THE KETTLE IS VERY BLACK RIGHT NOW. 

If you don't know what I'm talking about, plz refer to http://en.wiktionary.org/wiki/pot_calling_the_kettle_black


----------



## Erro (Jun 20, 2008)

TehSean said:


> THE KETTLE IS VERY BLACK RIGHT NOW.
> 
> If you don't know what I'm talking about, plz refer to http://en.wiktionary.org/wiki/pot_calling_the_kettle_black


Please quote one time that I have stated that I thought something should be removed, at all really, never mind because I don't like it. I support the admin decision to remove certain material based on their reasoning. Outside of that, the only thing I have done in this thread is point out the very large differences between programs that people would readily lump into one group.
Also, in response to your reference, if your implications was correct, I would be the pot, not the kettle. "the pot calling the kettle black"
kthnx. =3


----------



## Janglur (Jun 20, 2008)

Eevee said:


> here is my arbitrary and *unofficial* but reasonable-sounding-at-the-moment line in the sand
> 
> if someone with _no artistic talent otherwise_ can create something much better-looking with tool X than they would normally be able, it is probably doing a large part of the work, and thus it is a generator.
> 
> ...




By that standard, i'd consider SL just that, especially in reguards to crap-floods.  In fact, computers in general.

Get out and sculpt some clay if you want 3d!


----------



## Stratelier (Jun 21, 2008)

> By that standard, i'd consider SL just that, especially in reguards to crap-floods. In fact, computers in general.


Hey, pixels are a computer-generated image element, correct?  LET'S GO BAN DIGITAL ART IN THE FIRST PLACE and let people learn how to actually draw something for reals.


----------



## Tiitha (Jun 23, 2008)

I honestly think you are really limiting people's creativity by disallowing Spore creatures. I see no reason why something like this should have to be restricted.


----------



## Stratelier (Jun 23, 2008)

Because it's already standard, established procedure for dealing with generator'd content on FA, that's why.

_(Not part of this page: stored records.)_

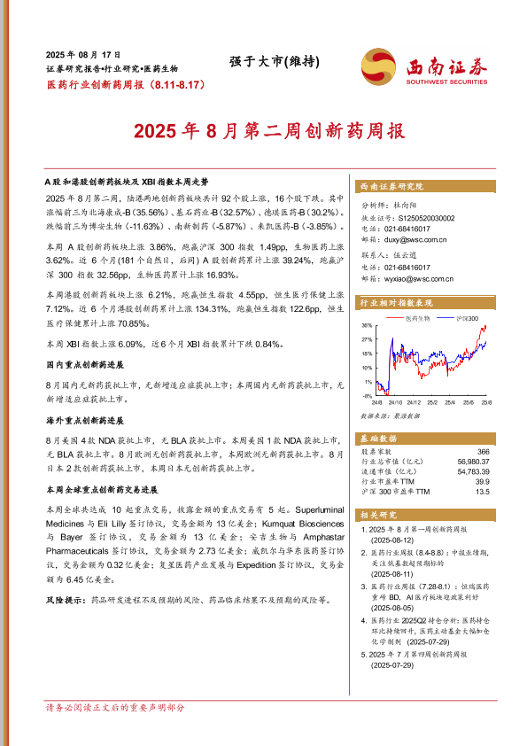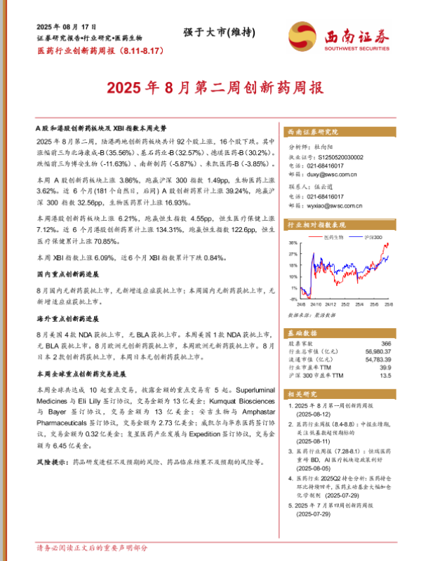 【西南证券】【20250817】医药行业创新药周报(8.11-8.17)-15页
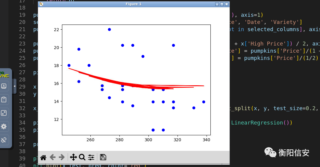 虽然还是很迷惑,pandas的DateFrame类重载了[]操作,实现了这样简便的过滤器,确实厉害,和z3很类似,下一步我们知道了,就是创建训练集和测试集,并简单画一下看看
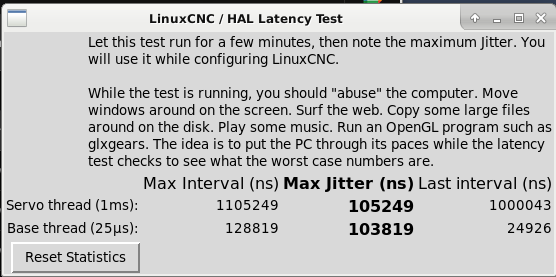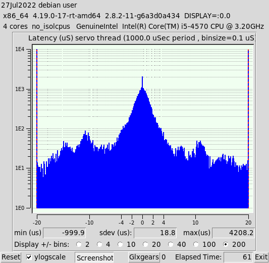 If he's running preempt-rt, shouldn't it say "Note: Using POSIX realtime"? Mine does:Also from the terminal while histogram was running:
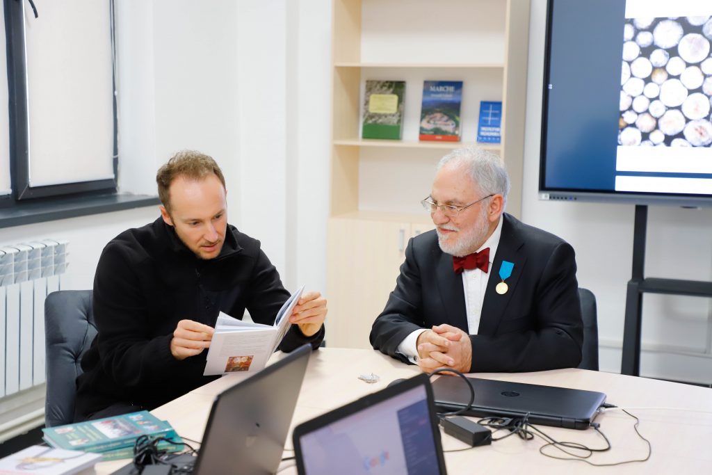 Роберто Болтридың іссапары Жетісу университеті базасында орналасқан Марке политехникалық университетінде жалғасын тапты. Қадірлі қонақ “Агрономия” қос дипломды бағдарламасының студенттерімен және шақырылған италияндық оқытушы Марко Фиорентинимен кездесіп, екі ел арасындағы мәдени байланыстың, білім берудің пайдасы мен маңыздылығын талқылады. Сөз соңында Болтри мырза Экология кафедрасының меңгерушісі проф. Ж.Ж. Қанағатовқа экология тақырыбына байланысты өзінің авторлық кітаптарын сыйға беріп, олар филиал офисының сөрелерінде орын тапты.
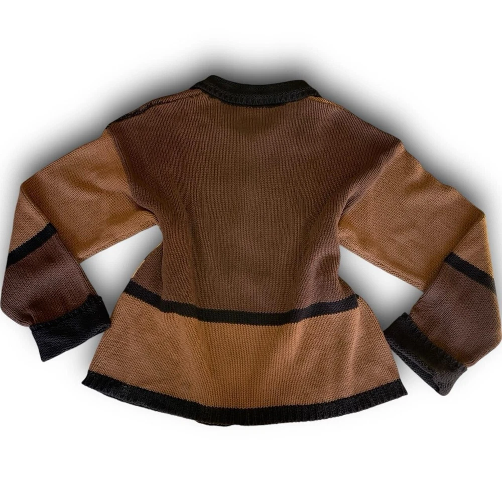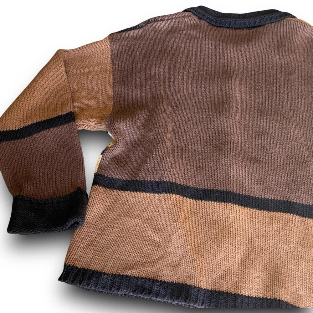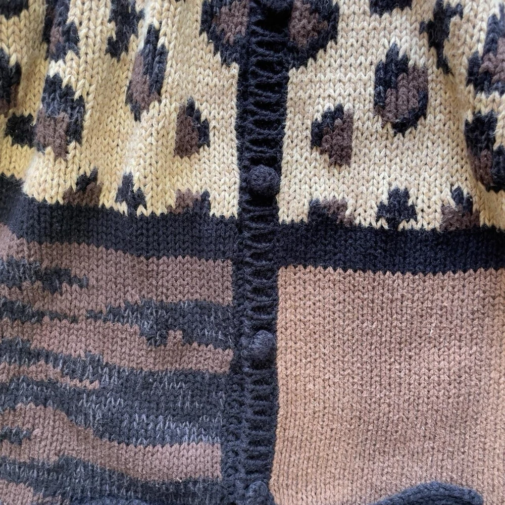 vtg animal print patchwork knit cardigan button up closure ~xl 🐆🦓 55% ramie 45% cotton vintage 80s 90s absolute precious oversized slouchy grannycore chunky knitted collared brown multicolor cardigan with long sleeves, folded cuffs & button up closure featuring crazy cool wacky leopard & zebra patchwork graphics along w/ retro stripe color block style allover in size xl. it’s giving jersey shore meets academia mob wife vibes✨ laid flat: chest 20” length 23” sleeves 20” vintage retro winter knits crochet animal print leopard zebra colorblock grannycore folklore muted cozy oversized multicolor chunky knit goblincore cottage farmhouse graphic bold fall urban grunge downtown pullover sweatshirt cardigan

Burden of evidence now shifts to you.


----------



## Tiitha (Jun 23, 2008)

What evidence? People are just having fun making weird things in Spore and FA is being a butt about it.


----------



## Snickers (Jun 23, 2008)

Silly people, it's been said, spore is just some fancy doll maker, regardless whether its fun or not, you make jack shit in it when it comes to artists terms. FA already has a spore thread on the forums, go post there and stop whining as if you are being discriminated against. FA offers you a free service so be grateful.


----------



## Erro (Jun 23, 2008)

Snickers said:


> Silly people, it's been said, spore is just some fancy doll maker, regardless whether its fun or not, you make jack shit in it when it comes to artists terms. FA already has a spore thread on the forums, go post there and stop whining as if you are being discriminated against. *FA offers you a free service so be grateful*.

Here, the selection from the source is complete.